‘Double agent’ delegates could block Trump’s nomination
The seeds of a catastrophic split of the Republican Party are being planted. If Donald Trump doesn’t win on the first ballot in Cleveland, the mechanics of taking away the nomination are clear. Writing in Bloomberg Politics, Sasha Issenberg explains the complex mechanics of delegate selection, which could result in Trump delegates abandoning him after the first ballot, when they are pledged to vote for him.
Only a small share of the 2,472 total convention delegates are free to pick the candidate of their choice, regardless of the election’s outcome, on the first ballot, while about three-quarters of them are gradually freed to do so on subsequent votes. That means there is a small pool of so-called unbound delegates who are pure free agents, but a much larger number who can be recruited throughout the spring as double agents—delegates who arrive in Cleveland pledged to Trump, all the while working in cahoots with one of his opponents and confessing their true allegiances once it is safe to do so.
“Forty-four states give the delegation-selection authority to a state convention or state executive committee, with no requirement that the candidate have a say in choosing delegates,” says Benjamin Ginsberg, a former general counsel for the Republican National Committee who managed Mitt Romney’s pre-convention delegate strategy. “Centralized power has dissipated in many states so that pockets of grassroots activists hold great sway.”
And who would be best positioned to play the local game, maneuvering “double agents” onto the Trump slate?
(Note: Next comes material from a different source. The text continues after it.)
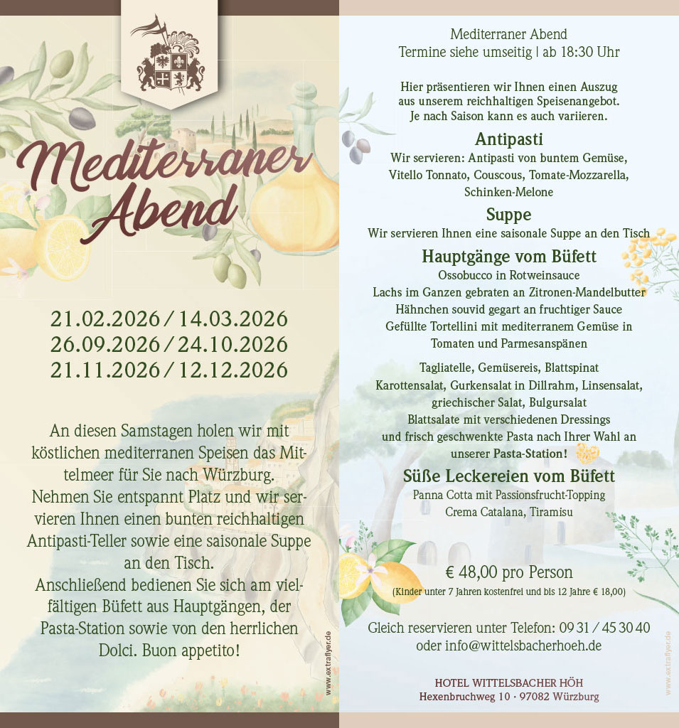 Aus unserem mediterranen Büfett wird ein mediterraner Abend….Nachhaltiger, entspannter, bewusster. Nehmen Sie entspannt Platz und wir servieren Ihnen einen bunten reichhaltigen Antipasti-Teller und auch eine saisonale Suppe kommt an den Tisch. Anschließend bedienen Sie sich an einem vielfältigen Büfett aus Hauptgängen und von der Pasta-Station sowie von den herrlichen Dolci.

That would be someone with strong grassroots support, good planning, and organizing skills, and strategic planning capabilities. That’s right: Ted Cruz.
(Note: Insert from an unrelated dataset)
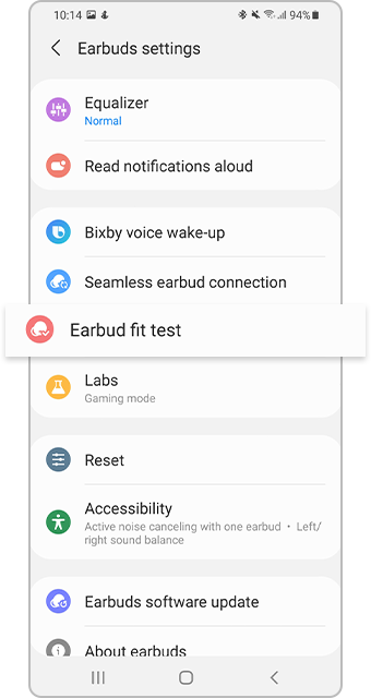 You can use the Galaxy Earbud fit test if you're not sure that you're getting the best possible sound quality and active noise cancelling. In the Galaxy Earbud fit test, while wearing the Galaxy Buds2, speakers in the earbuds emit a chime sound into the ear to detect and calculate bouncing sound that escapes through your earbuds for any sound loss. An ear tip showing the least sound loss would be recommended as best fit. Follow the steps below to test your ear buds.

“Of any of the campaigns the Ted Cruz people are the best-positioned,” says Iowa Republican operative Grant Young. “Not just because they won. They’ve got a big coalition and they’re organized.”
At Cruz’s Houston headquarters, a six-person team overseen by political operatives, lawyers, and data analysts is effectively re-enacting the primary calendar, often with the aim of placing double agents in Trump slates. The ability to pick up new adherents during the state-convention phase invites Trump’s rivals to look anew at the map of his victories, based on the rules governing individual states. The 36 delegates Trump won in Alabama will be bound to him throughout the nominating process, but the 40 he won in Georgia are free to vote for whomever they choose after the first ballot. Georgia holds its county conventions on Saturday to select delegates for district conventions a month later—the week’s most important stop on the shadow-campaign trail. “We’re making resource allocations based upon stopping Donald Trump,” says Roe. “There’s several scenarios where he doesn’t make 1,237.”
Issenberg’s piece goes deep into the weeds, and it is worth reading in its entirety and saving for future reference. There are even methods by which Trump-pledged delegates could be denied seating and voting.
But that path would obviously be suicide for the GOP. The party that displaced the Whigs could join them in the dustbin of history.